(Work instruction): Everything in the records below is to be reproduced exactly, apart from the images.

▼

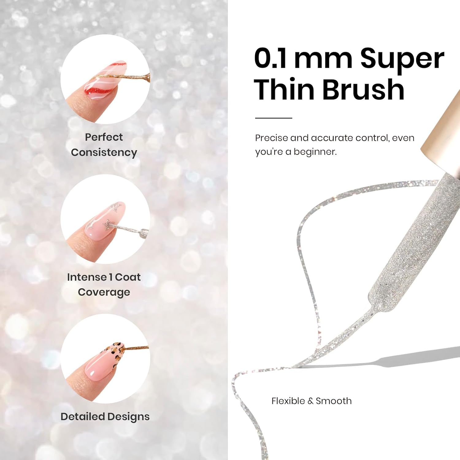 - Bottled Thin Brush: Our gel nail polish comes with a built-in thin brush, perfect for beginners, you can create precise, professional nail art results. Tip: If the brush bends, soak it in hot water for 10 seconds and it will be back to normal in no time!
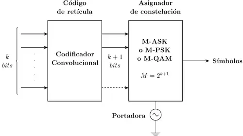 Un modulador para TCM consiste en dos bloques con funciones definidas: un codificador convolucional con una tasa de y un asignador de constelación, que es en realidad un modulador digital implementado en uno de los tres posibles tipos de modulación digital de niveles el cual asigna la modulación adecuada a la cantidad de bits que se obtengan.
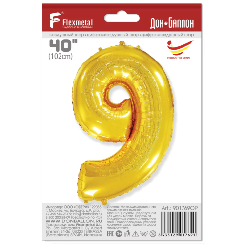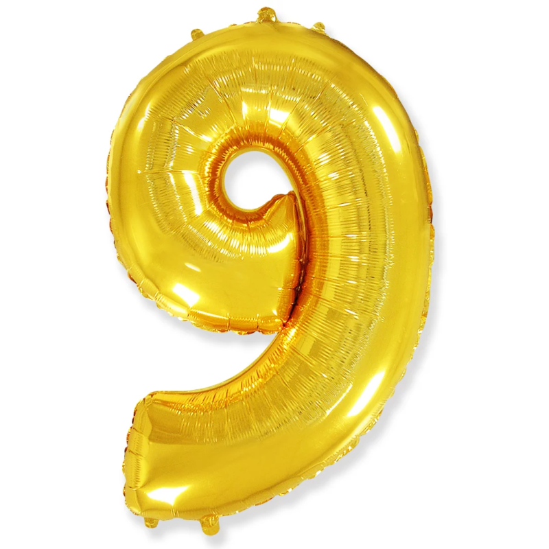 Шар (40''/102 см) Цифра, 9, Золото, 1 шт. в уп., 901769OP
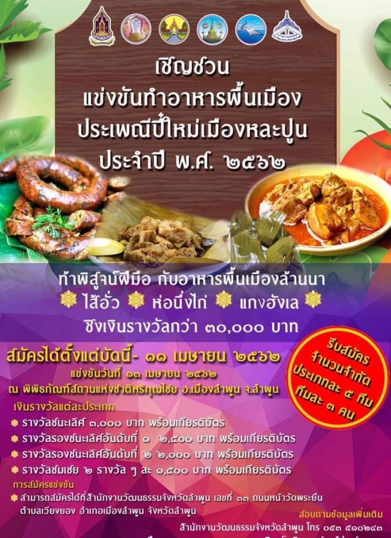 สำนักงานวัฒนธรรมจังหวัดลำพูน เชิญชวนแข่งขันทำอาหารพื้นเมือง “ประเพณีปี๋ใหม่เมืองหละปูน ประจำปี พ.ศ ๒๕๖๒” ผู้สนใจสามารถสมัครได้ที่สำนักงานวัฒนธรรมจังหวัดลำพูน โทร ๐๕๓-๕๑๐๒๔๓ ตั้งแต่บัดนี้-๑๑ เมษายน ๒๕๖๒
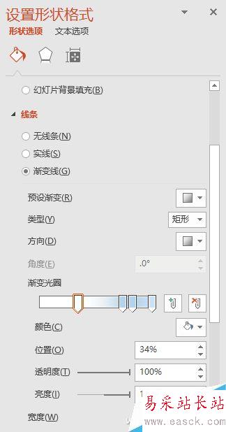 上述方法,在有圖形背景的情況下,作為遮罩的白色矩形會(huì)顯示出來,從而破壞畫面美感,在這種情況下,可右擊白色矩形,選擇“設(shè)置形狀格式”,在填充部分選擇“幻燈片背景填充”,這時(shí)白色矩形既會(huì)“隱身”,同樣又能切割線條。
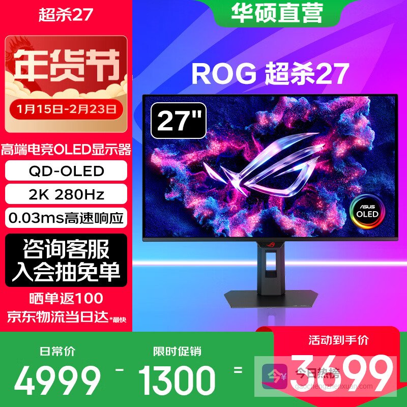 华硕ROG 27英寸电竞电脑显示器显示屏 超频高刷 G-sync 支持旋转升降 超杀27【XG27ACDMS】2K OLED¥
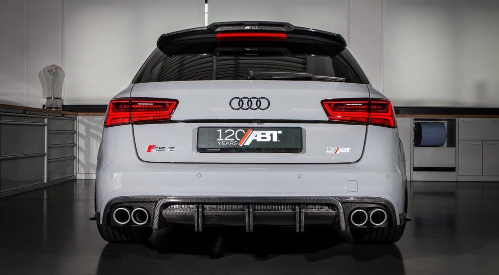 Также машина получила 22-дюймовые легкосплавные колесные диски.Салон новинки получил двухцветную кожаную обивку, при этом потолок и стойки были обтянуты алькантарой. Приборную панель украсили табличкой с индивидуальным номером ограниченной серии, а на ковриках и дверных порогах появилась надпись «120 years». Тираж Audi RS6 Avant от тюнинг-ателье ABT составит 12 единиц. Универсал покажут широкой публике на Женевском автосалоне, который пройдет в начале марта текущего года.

▲

(Response to the exercise):
 - Bottled Thin Brush: Our gel nail polish comes with a built-in thin brush, perfect for beginners, you can create precise, professional nail art results. Tip: If the brush bends, soak it in hot water for 10 seconds and it will be back to normal in no time!
 Un modulador para TCM consiste en dos bloques con funciones definidas: un codificador convolucional con una tasa de y un asignador de constelación, que es en realidad un modulador digital implementado en uno de los tres posibles tipos de modulación digital de niveles el cual asigna la modulación adecuada a la cantidad de bits que se obtengan.
 Шар (40''/102 см) Цифра, 9, Золото, 1 шт. в уп., 901769OP
 สำนักงานวัฒนธรรมจังหวัดลำพูน เชิญชวนแข่งขันทำอาหารพื้นเมือง “ประเพณีปี๋ใหม่เมืองหละปูน ประจำปี พ.ศ ๒๕๖๒” ผู้สนใจสามารถสมัครได้ที่สำนักงานวัฒนธรรมจังหวัดลำพูน โทร ๐๕๓-๕๑๐๒๔๓ ตั้งแต่บัดนี้-๑๑ เมษายน ๒๕๖๒
 上述方法,在有圖形背景的情況下,作為遮罩的白色矩形會(huì)顯示出來,從而破壞畫面美感,在這種情況下,可右擊白色矩形,選擇“設(shè)置形狀格式”,在填充部分選擇“幻燈片背景填充”,這時(shí)白色矩形既會(huì)“隱身”,同樣又能切割線條。
 华硕ROG 27英寸电竞电脑显示器显示屏 超频高刷 G-sync 支持旋转升降 超杀27【XG27ACDMS】2K OLED¥
 Также машина получила 22-дюймовые легкосплавные колесные диски.Салон новинки получил двухцветную кожаную обивку, при этом потолок и стойки были обтянуты алькантарой. Приборную панель украсили табличкой с индивидуальным номером ограниченной серии, а на ковриках и дверных порогах появилась надпись «120 years». Тираж Audi RS6 Avant от тюнинг-ателье ABT составит 12 единиц. Универсал покажут широкой публике на Женевском автосалоне, который пройдет в начале марта текущего года.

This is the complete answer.